Вольга, будто с издёвкой, кивнул и поднял кружку над головой, а потом осушил её до дна.

-- Корнелий, ты наверняка встречался с симбионтами, -- сказал Камил. – Как ты оцениваешь того, что был в донжоне князя? По силе?

-- По силе? Он был… чуть ниже среднего, наверное. Мы же с ним не рубились вовсю – я напал со спины. Во всяком случае, он был явно не опытен во владении своими способностями.

-- То есть, существуют куда более мощные симбионты?

-- Разумеется, -- ответил Корнелий. – Иначе человечество не победило бы в войне с вампирами.

-- Вот утешил, -- хмыкнул Камил.

-- Но ведь существуют и менее мощные симбионты, -- заметил Корнелий. – Бездарные и неважные. Кроме того, силы, скорости и способности выдерживать удары – различаются у разных воителей.

-- Какие же симбионты служат Харвтигу?

-- Этого я не знаю. С ними я, к своему счастью, не встречался.

-- Но, должно быть, они очень сильные? – предположил Миробоич. -- Ведь Хартвиг – магистр Престола, а симбионтов умеют делать только там?

-- Возможно.

-- Нам нужно что-то придумать. Чего бы противопоставить этим сильнейшим ублюдкам?… А как с ними  сражались вы -- вампиры? Ведь именно для противостояния с вами симбионты и были созданы. Какие методы вы применяли в войнах?

-- Мы сражались с ними так же, как сражаются между собой обычные армии, -- пожал плечами Корнелий. – Ведь симбионты сильны лишь относительно людей, а не вампиров.

-- Тогда мне нужен вампирский отряд для противостояния Престолу, -- сделал вывод Камил. -- Ты сможешь раздобыть вампирских бойцов? Я наделю их, в случае успеха, серьёзными привилегиями.

-- До Края отсюда далековато, не находишь? -- сказал Корнелий. – Я не успею туда сбегать. Да и провести через Дикую Тайгу целую вампирскую дружину… это очень сложно. Тайгу стерегут гарнизоны симбионтов. Защитники человечества... И Судьи тоже не дремлют.

-- Разве вампиры живут только в Крае? – Камил скривился. -- И больше нигде их нет? Мне кажется, ты лукавишь.

-- Серьёзно. Южнее забираются только отчаянные свободолюбы, вроде меня. И эти свободолюбы потрясающе скрытны.
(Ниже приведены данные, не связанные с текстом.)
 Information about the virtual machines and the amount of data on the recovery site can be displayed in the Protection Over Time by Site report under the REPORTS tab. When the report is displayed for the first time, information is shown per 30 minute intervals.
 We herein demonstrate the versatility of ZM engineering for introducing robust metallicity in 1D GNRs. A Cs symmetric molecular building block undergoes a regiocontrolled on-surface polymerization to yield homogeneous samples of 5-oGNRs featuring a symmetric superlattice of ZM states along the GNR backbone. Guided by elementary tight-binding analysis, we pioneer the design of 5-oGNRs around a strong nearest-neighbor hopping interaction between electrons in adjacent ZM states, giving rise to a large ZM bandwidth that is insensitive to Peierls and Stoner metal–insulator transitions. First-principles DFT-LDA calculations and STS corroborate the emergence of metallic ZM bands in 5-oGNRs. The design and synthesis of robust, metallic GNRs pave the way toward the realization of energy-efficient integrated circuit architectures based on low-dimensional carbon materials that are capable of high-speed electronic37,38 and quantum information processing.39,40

Ведь если о вампире кто-то знает, значит, на него уже ведут охоту… Может быть где-то неподалёку и дремлет какой-то неизвестный мне вампир. Но вряд ли я смогу его отыскать. Я же не Судья-ищейка.
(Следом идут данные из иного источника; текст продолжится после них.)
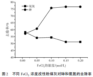 由圖2 可知: 隨著改性劑FeCl3濃度的增加,砷的去除率逐漸增加,當其濃度高于0. 1 mol/L 時,砷的去除率基本達到穩定; 而氨氮的去除率卻隨FeCl3濃度的增加而降低。分析認為,復合改性的粉煤灰中,鐵離子會覆蓋在粉煤灰的表面,因鐵離子會和砷酸根反應,生成沉淀物被粉煤灰吸附,因此砷的去除率會隨鐵離子濃度而增加; 而氨根離子和鐵離子均為陽離子,復合改性后的粉煤灰中,鐵離子很可能占用了銨根的吸附點位,導致銨根離子的去除率有所下降。
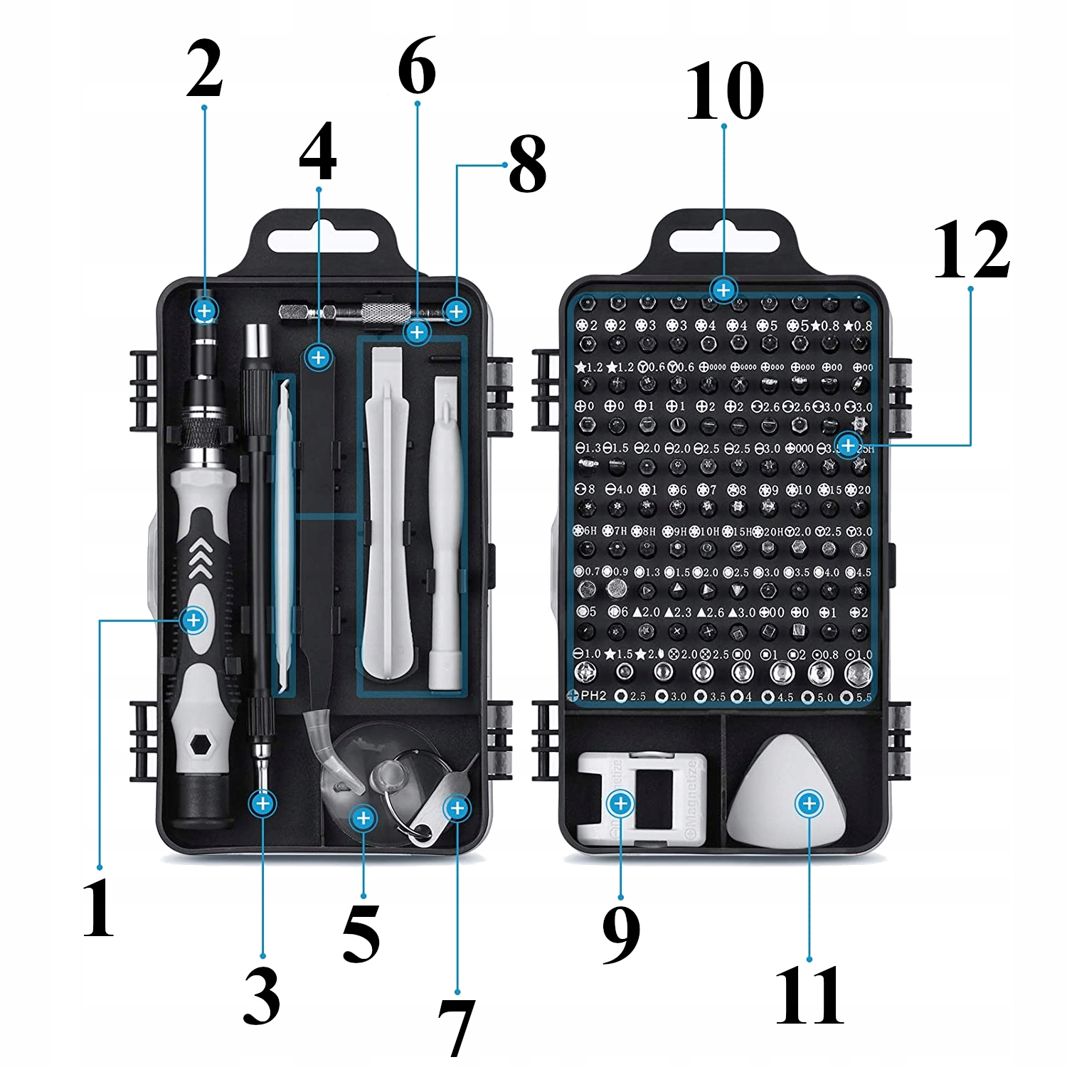 - 7 шт. бит с наконечником гнезда: 1x 2,5 , 1x 2,0, 1x 3,5, 1x 4,0, 1x 4,5 , 1x 5,0 , 1x 5,5

Камил вздохнул. Он погрузился в раздумья.

-- Почему же тогда эти ваши хвалёные симбионты не принесли Святому Престолу мировое могущество? – задал справедливый вопрос Лют Савохич. – Ведь если симбионты очень сильны, то их государство уже должно простираться от моря до моря! Почему бы им не сделать тысячи симбионтов и не захватить всех вокруг? Мне кажется, всё это либо выдумка, либо серьёзное противоречие здравому смыслу!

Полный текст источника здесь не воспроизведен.